Неизвестно, кем был Швондер раньше, но теперь он получил власть и наслаждается ею. Именно такие, как он, и способствуют разрухе, не создавая ничего нового, зато разрушая старое. Швондер бюрократ, для него важны бумаги, а не человек. И говорит он штампами.
– Общее собрание, рассмотрев ваш вопрос, пришло к заключению, что в общем и целом вы занимаете чрезмерную площадь. Совершенно чрезмерную.– Что же, – заговорил Швондер, – дело несложное. Пишите удостоверение, гражданин профессор. Что так, мол, и так, предъявитель сего действительно Шариков Полиграф Полиграфович, гм… Зародившийся в вашей, мол, квартире. – Простите, профессор, гражданин Шариков совершенно прав. Это его право – участвовать в обсуждении его собственной участи, в особенности постольку, поскольку дело касается документов. Документ – самая важная вещь на свете.– Прошу занести эти слова в протокол. Швондер не скрывает злорадства, видя растерянность профессора при составлении справки для Шарикова.

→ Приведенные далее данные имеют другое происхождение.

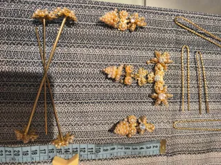 Indumentaria valenciana / fallera / Valencia/ niñas / dorado / aderezo Para niña de 5/6 a 9 años años Aderezo dorado : - 2 pendientes - 4 agujas moño grande - 2 pares de agujas para rodetes - Broche para el centro del pecho (joya). Necesita un lavado con bicarbonato para recuperar su brillo.
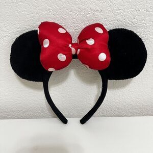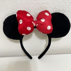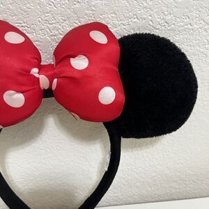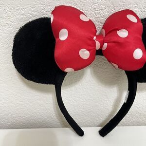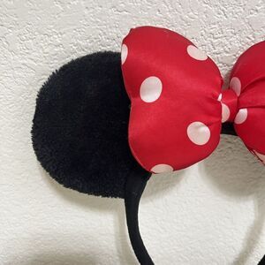 Disney Parks Minnie Mouse Black Plush Ears Red Satin Polka Dot Bow Headband. Were worn while we were in the park and the tag has been cut. There is some yellowing to the white polka dots/there are slightly stained in places - please see the pictures. Still so cute and have a ton of life left.
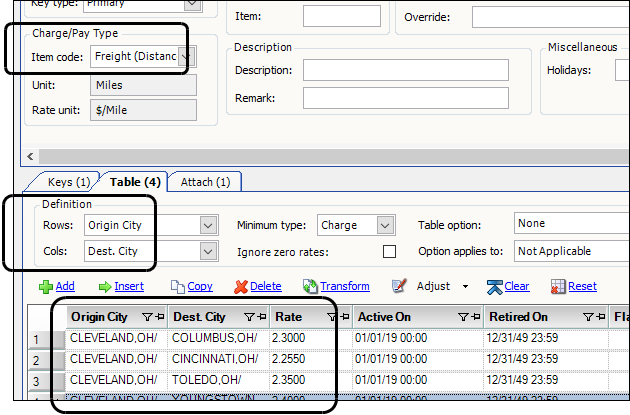 The charge type or pay type selected in the rate header determines billing or pay units. This example is using a mileage-based charge type, Freight (Distance).
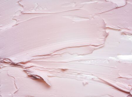 Gently pink brush strokes and texture of face cream or pink acrylic paint on a white background
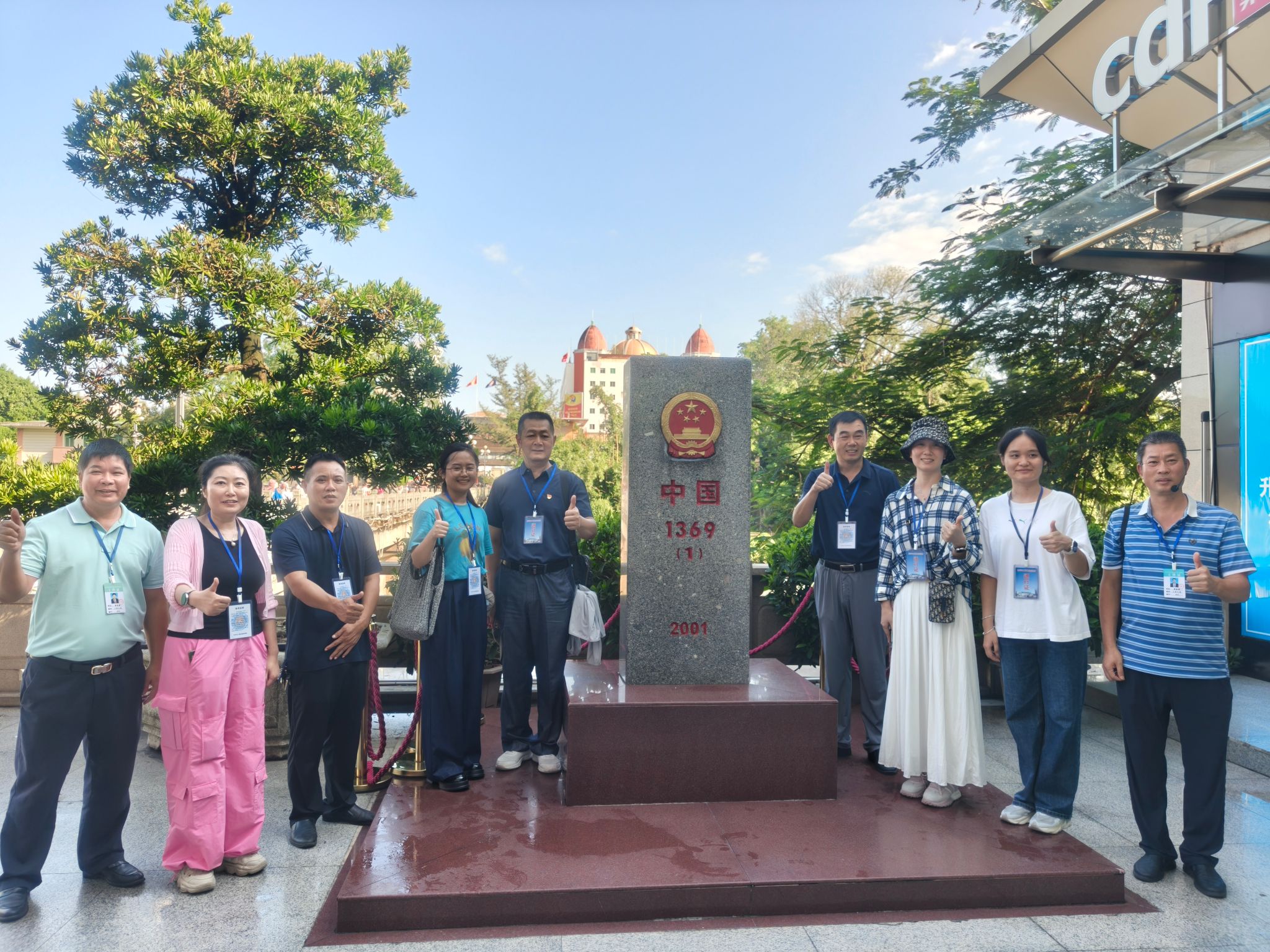 在中越友谊公园,老师们驻足中越人民革命烈士纪念碑前,深入了解中越两国人民在解放斗争中用鲜血凝成的友谊,感受“两国一域、睦邻友好”的发展智慧和边疆和谐图景。走进钟竹筠纪念馆,其中珍贵史料、复原场景与讲解,生动再现了“南路革命之花”钟竹筠投身革命、英勇就义的英雄事迹,令老师们数度动容。侨批博物馆中,泛黄的侨批信件及“筹款购机卫粤收据”等实物,串联起近代东兴华侨“跨国谋生仍心系家国”的壮阔历史,老师们读懂了“一纸侨批,万缕乡愁”的家国情怀。在口岸界碑前,老师们驻足凝视镌刻的“中国”字样,深刻体会“国土不可分割”的厚重意义,体悟“国土一寸不可失”的庄严。东兴边贸互市区内一片繁忙景象,使老师们感受到边疆“开放发展、共促繁荣”的时代活力。在竹山村“大清国一号界碑”前,教师们回顾了边疆治理的历史变迁与当代实践,感悟“守土有责、护边有功”的使命担当。
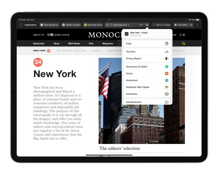 iPhone和iPad上浏览器的多标签管理也得到了基于同一理念的更新,而且也开始支持拓展插件,这意味着用户可以更加灵活地自定义浏览器功能。M1芯片改变了Mac,然而macOS 12仍支持英特尔x86处理器的Mac,包括2013年下半年的MacBook Pro。
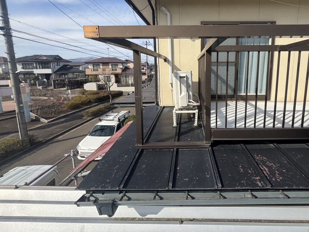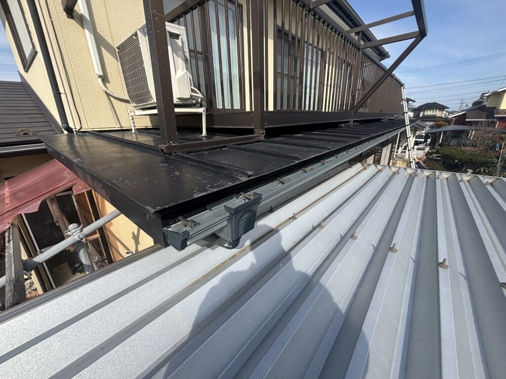 ベランダ下の板金屋根(下屋根)部分です。
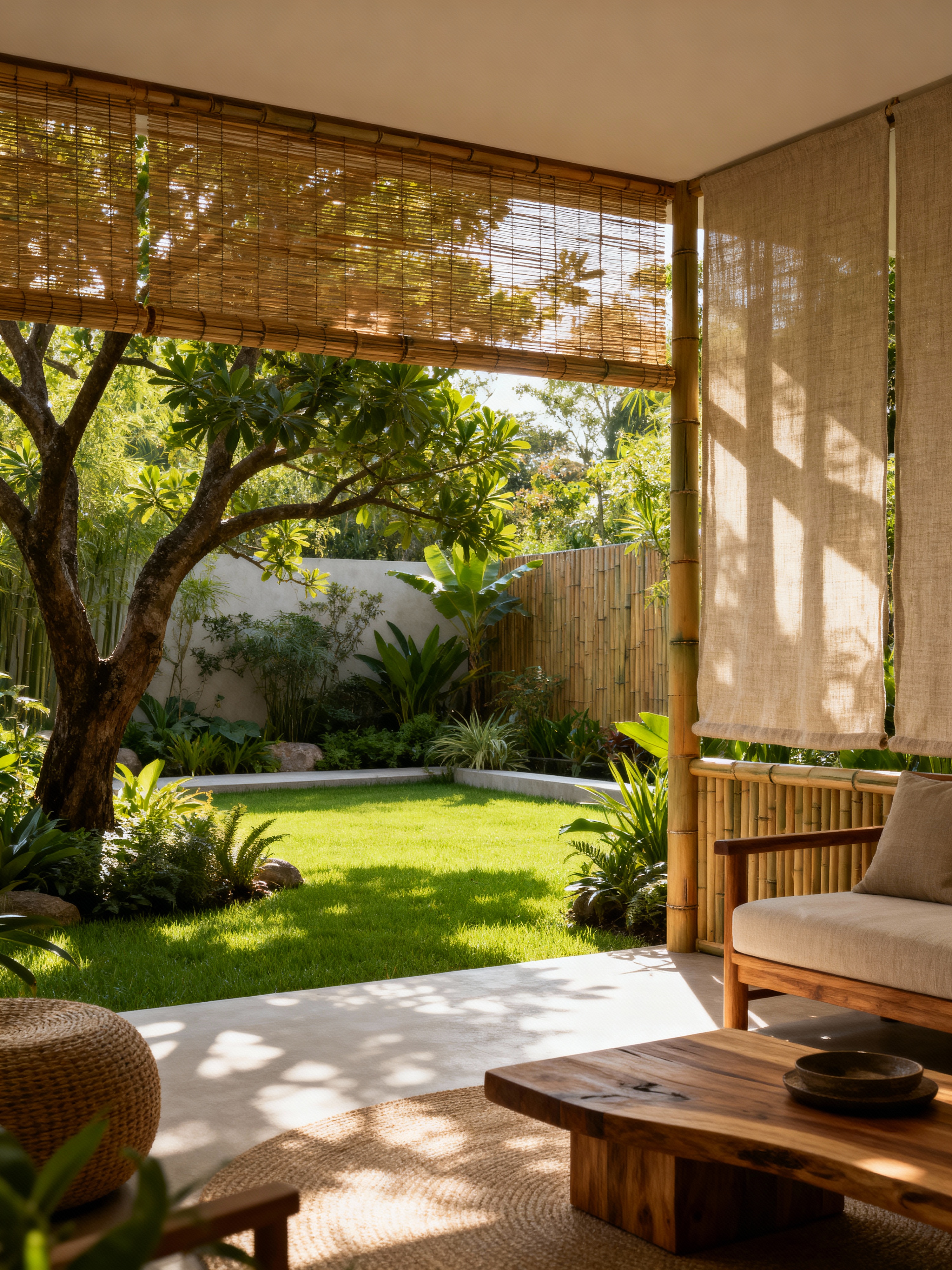 outdoor garden with biophilic style with garden tree and garden plants and grass and garden tree. . with linen materials and features of the natural world and bamboo materials and wood materials and sunlight and natural shapes and forms and plants and environmental features
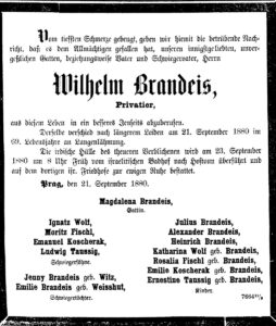 (Pozn.: zde použito jméno Brandeis, tvar používaný rodinou. Později jiné zdroje uvádějí Brandejs.)

Когда Преображенский просит продать ему комнату, председатель домкома с радостной мстительностью отказывает ему: «жёлтенькие искры появились в карих глазах Швондера».
Швондер упивается своей властью и не понимает того, что понимает мудрый профессор: «Швондер и есть самый главный дурак. Он не понимает, что Шариков для него более грозная опасность, чем для меня. Ну, сейчас он всячески старается натравить его на меня, не соображая, что если кто-нибудь в свою очередь натравит Шарикова на самого Швондера, то от него останутся только рожки да ножки».
В сущности, Швондер – это всего лишь более цивилизованная версия Шарикова.
Образы персонажей повести Булгакова нельзя назвать устаревшими. Имя героя – Шарикова – даже стало нарицательным.
Шариковщина – хамское, крайне наглое поведение. Многие афоризмы повести подходят и нашему времени. Террором ничего поделать нельзя с животным, на какой бы ступени развития оно ни стояло. О, глаза значительная вещь. Вроде барометра. Успевает всюду тот, кто никуда не торопится. На преступление не идите никогда, против кого бы оно ни было направлено. Доживите до старости с чистыми руками. То есть, он говорил? Это ещё не значит быть человеком.